The principles to extract from KD Resources:

  • It may be immaterial whether the employer engaged in intentional misconduct if the employer’s conduct, innocent or not, reasonably induced the whistleblower not to file within the statutory limitations period.
  • The whistleblower may have to prove prejudice caused by the allegedly misleading conduct.
  • Settlement discussions are not sufficient to toll the running of the limitations period, absent a showing that the employer misled or otherwise prevented the whistleblower from filing a complaint.
  • The whistleblower carries the burden to prove the bases for equitable extension of the statute of limitations.
  • Equitable estoppel may not be available to complainants who are represented by counsel.

The Significance of the Decision

The KD Resources decision comes within months of the January 11, 2010 announcement by Secretary of Labor Hilda Solis of new appointments to the Administrative Review Board.  The 2-member majority opinion emphasized the “fact intensive” nature of the considerations applicable when a whistleblower seeks to revive a dismissed complaint on grounds of equitable estoppel or equitable tolling (where ignorance excuses timely filing because essential information bearing on a claim could not be discovered by the whistleblower’s exercise of reasonable diligence). For its part, the dissent emphasized that settlement discussions may have offered “hope” to the complainant but fell well short of the “promise” necessary to support an equitable estoppel argument. The dissent also noted the whistleblower’s improper appellate reliance on documents that were not disclosed in the record before the Administrative Law Judge and the unavailability of equitable estoppel to complainants who are represented by counsel. 

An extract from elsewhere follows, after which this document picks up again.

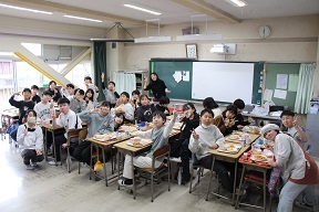 小学校生活最後の給食です。おいしく楽しくいただきました。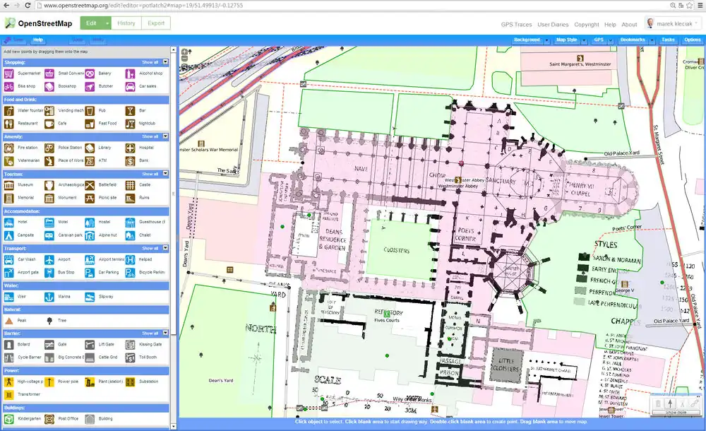 In case of complicated, historic buildings with existing free avaiable ground plan (e.g. Wikipedia) one can import and place this data in OSM by use of http://mapwarper.net.

Apart from its immediate impact – possibly opening the door to more litigation of claims that do not satisfy a rigid application of the statute of limitations – the ARB’s KD Resources decision may signal ARB reluctance to dispose of cases by summary processes and a trend to more evidentiary hearings. Looking forward, there may be a message, also, that the newly constituted ARB will be hospitable to other bases for remanding summary dispositions. If this happens, employers and complainants alike will increasingly encounter the rigors and expense of developing a full evidentiary record in whistleblower proceedings.